(Assignment):
Strip the pictures, then copy the remaining data exactly as it stands.

[Opening Task material section]

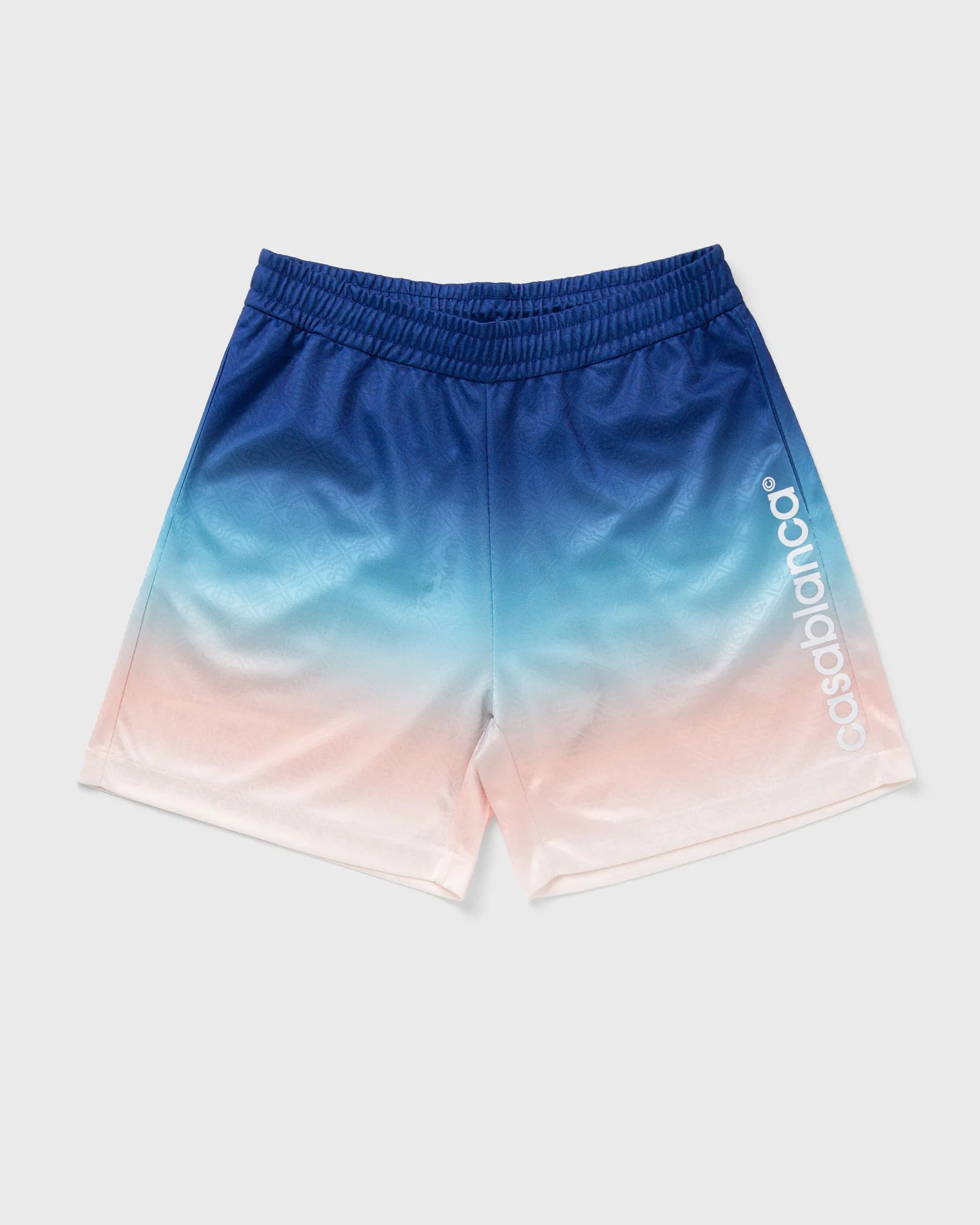 The Gradient Football Shorts are a sportswear design from Casablanca with a range of gradient colors that are characteristic of the label. They are made from a jacquard polyester fabric with a monogram and the signature Casablanca logo on the side. The style is rounded off with an elasticated waistband with drawstring and side slit pockets in the seam. - Jacquard fabric with monogram - Side pockets - Logo print Article number: MPS25-JTR-224-01 Gender: men Color: BLUE GRADIENT Material: 100% Polyester
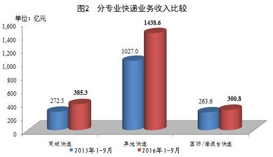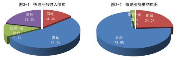 1-9月份,同城、異地、國際/港澳臺快遞業(yè)務(wù)收入分別占全部快遞收入的14.3%、53.2%和11.1%;業(yè)務(wù)量分別占全部快遞業(yè)務(wù)量的24.2%、73.8%和2%。與去年同期相比,同城快遞業(yè)務(wù)收入的比重下降0.2個百分點,異地快遞業(yè)務(wù)收入的比重下降1.5個百分點,國際/港澳臺業(yè)務(wù)收入的比重下降2.9個百分點。
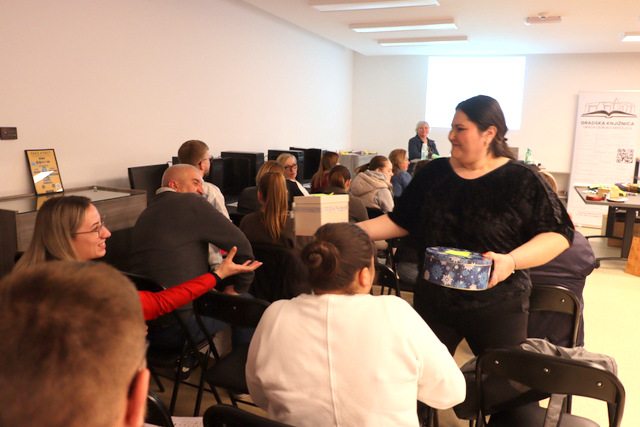U Gradskoj knjižnici grada Donjeg Miholjca (u utorak , 11, travnja) pod nazivom “Čitav svijet pod prstima” održana je promocija taktilnih slikovnica i interaktivna radionica. Na osobito zanimljiv način autorice Marta Senković (Viljevo) i Ankica Valentić -Butković (Osijek) upoznale su posjetitelje s Brailleovim pismom, te su predstavile četiri taktilne slikovnice. (“Prijateljstvo nas veže”, “Ankin sjaj”, “Drvo” i “Borna – robot koji osjeća”)
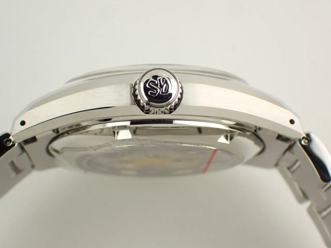 搭載ムーブメントは「9S85」。半導体製造に用いられる技術「MEMS(メムス)」により、ミクロ単位で部品を再設計。がんぎ車に中間車を挟んで、ハイビートのデメリットであるパーツの消耗を抑える工夫や、テンワの支柱を四本にすることで熱膨張による時刻のズレを防ぎます。
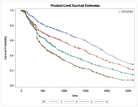 The results of the homogeneity tests across PI groups are given in Table 4. The log-rank and Wilcoxon statistics and their corresponding covariance matrices are displayed. Table 5 consists of the approximate chi-square statistics, degrees of freedom, and p-values for the log-rank, Wilcoxon, and likelihood ratio tests. All three tests indicate strong evidence of a significant difference among the survival curves for four PI groups (p < 0.001). Calculations were obtained from the Lifetest procedure in SAS.

[Closing Task material section]

(Completed task):
 The Gradient Football Shorts are a sportswear design from Casablanca with a range of gradient colors that are characteristic of the label. They are made from a jacquard polyester fabric with a monogram and the signature Casablanca logo on the side. The style is rounded off with an elasticated waistband with drawstring and side slit pockets in the seam. - Jacquard fabric with monogram - Side pockets - Logo print Article number: MPS25-JTR-224-01 Gender: men Color: BLUE GRADIENT Material: 100% Polyester
 1-9月份,同城、異地、國際/港澳臺快遞業(yè)務(wù)收入分別占全部快遞收入的14.3%、53.2%和11.1%;業(yè)務(wù)量分別占全部快遞業(yè)務(wù)量的24.2%、73.8%和2%。與去年同期相比,同城快遞業(yè)務(wù)收入的比重下降0.2個百分點,異地快遞業(yè)務(wù)收入的比重下降1.5個百分點,國際/港澳臺業(yè)務(wù)收入的比重下降2.9個百分點。
U Gradskoj knjižnici grada Donjeg Miholjca (u utorak , 11, travnja) pod nazivom “Čitav svijet pod prstima” održana je promocija taktilnih slikovnica i interaktivna radionica. Na osobito zanimljiv način autorice Marta Senković (Viljevo) i Ankica Valentić -Butković (Osijek) upoznale su posjetitelje s Brailleovim pismom, te su predstavile četiri taktilne slikovnice. (“Prijateljstvo nas veže”, “Ankin sjaj”, “Drvo” i “Borna – robot koji osjeća”)
 搭載ムーブメントは「9S85」。半導体製造に用いられる技術「MEMS(メムス)」により、ミクロ単位で部品を再設計。がんぎ車に中間車を挟んで、ハイビートのデメリットであるパーツの消耗を抑える工夫や、テンワの支柱を四本にすることで熱膨張による時刻のズレを防ぎます。
 The results of the homogeneity tests across PI groups are given in Table 4. The log-rank and Wilcoxon statistics and their corresponding covariance matrices are displayed. Table 5 consists of the approximate chi-square statistics, degrees of freedom, and p-values for the log-rank, Wilcoxon, and likelihood ratio tests. All three tests indicate strong evidence of a significant difference among the survival curves for four PI groups (p < 0.001). Calculations were obtained from the Lifetest procedure in SAS.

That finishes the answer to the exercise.